# FF Camera Sleeve?



## dstppy (May 28, 2013)

So, I've discovered the irony of my 5DmkII and the shorty forty . . . 

If I treat it like a super-sized P&S, what camera bag would fit that, and only that?

I'm basically looking for a body-only case, that's just a hair bigger, and will fit with the pancake on.

Ideas?


----------



## neuroanatomist (May 28, 2013)

I presume you don't mean gripped? My 1D X with the 40/2.8 fits perfectly in a Lowepro Utility Pouch 100 AW.


----------



## Mt Spokane Photography (May 28, 2013)

I have a bunch of old leather camera cases, I wonder if they might fit a 5D series body. I suspect that they are not wide enough or deep enough though.

I'll have to try now that you have mentioned it. I'll try my 40D as well, but I suspect that they are Rebel Sized, and that the digital bodies are deeper to make room for the electronics and LCD.

Its a shame, they are beautiful.


----------



## Dylan777 (May 28, 2013)

Not sleeve, but this sling bag is so small. I start using it more than my RS7.

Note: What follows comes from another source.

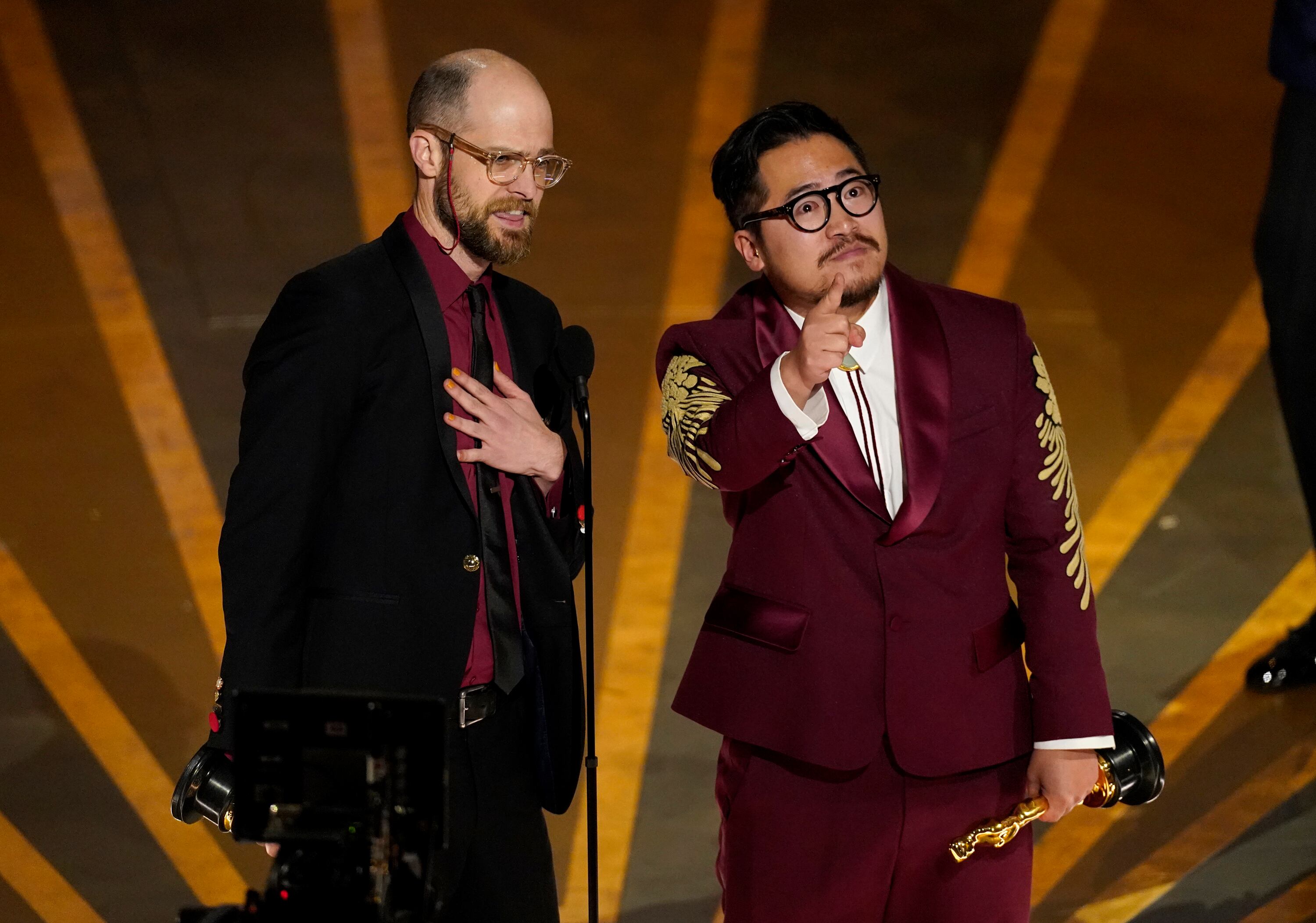 En triunfos que estaban previstos el domingo, pero que quizás hace un año parecían una fantasía de ciencia ficción, Daniel Kwan y Daniel Scheinert se alzaron el domingo por la noche con el Oscar a mejor dirección y a mejor guion original, dos de siete premios que conquistó su drama de multiversos. The Daniels superaron a un grupo de cineastas talentosos que incluía a Steven Spielberg en ambas categorías.
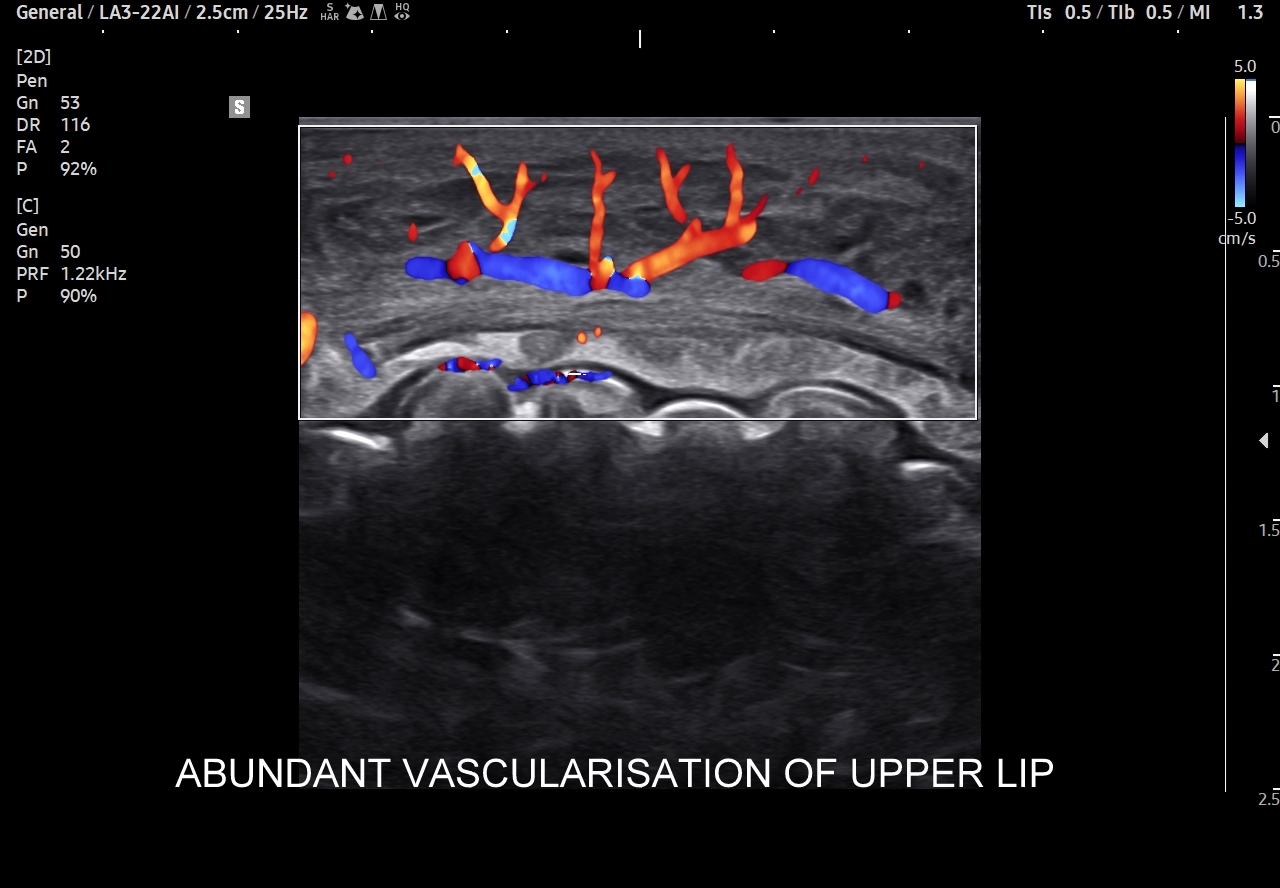 Trójkąt śmierci na twarzy obejmuje również usta. Należy pamiętać, iż są one organami mocno unaczynionymi, co przedstawione jest na załączonych obrazach sonograficznych, a wszelkie infekcje ostre bądź przewlekłe, spontaniczne lub jatrogenne również mogą być przyczyną w/w infekcyjnych powikłań wstępujących oraz zstępujących.

http://www.bhphotovideo.com/bnh/controller/home?O=orderHistory&A=details&Q=&sku=871445&is=REG


----------



## sanj (May 28, 2013)

Mt Spokane Photography said:


> I have a bunch of old leather camera cases, I wonder if they might fit a 5D series body. I suspect that they are not wide enough or deep enough though.
> 
> I'll have to try now that you have mentioned it. I'll try my 40D as well, but I suspect that they are Rebel Sized, and that the digital bodies are deeper to make room for the electronics and LCD.
> 
> Its a shame, they are beautiful.



It is indeed a beauty! But what happens when you take a photo? The leather hangs at the bottom? Does that not increase the chances of blur when windy? 
But love the case in any case.


----------



## wickidwombat (May 28, 2013)

http://www.lenscoat.com/camera-pouches-c-30_7.html

check out the body bag i think that would be just fine for a 5D with 40mm

i have the with lens version for my wife it fits a 5D+24-70 perfectly
i also have a little body bag for my eos-M

I really like the lens coat products and their service is good too
with reasonable shipping even to here in australia


----------



## dstppy (May 28, 2013)

Awesome, you post a question, get a lot of good suggestions in the morning. This is how the internet SHOULD work 

Yes, neuro, I meant ungripped but that will work too.

Thanks guys; these are all really good choices.

I'll have to look over the LensCoat stuff in detail later; looks like they've got some stuff I've been looking for for storage as well.

Excellent response time!

-Ernie


----------



## alexanderferdinand (May 30, 2013)

Is this a bag for a AE1- Program? Looks very similar to it, although mine looms a bit more used after 30 years.....


----------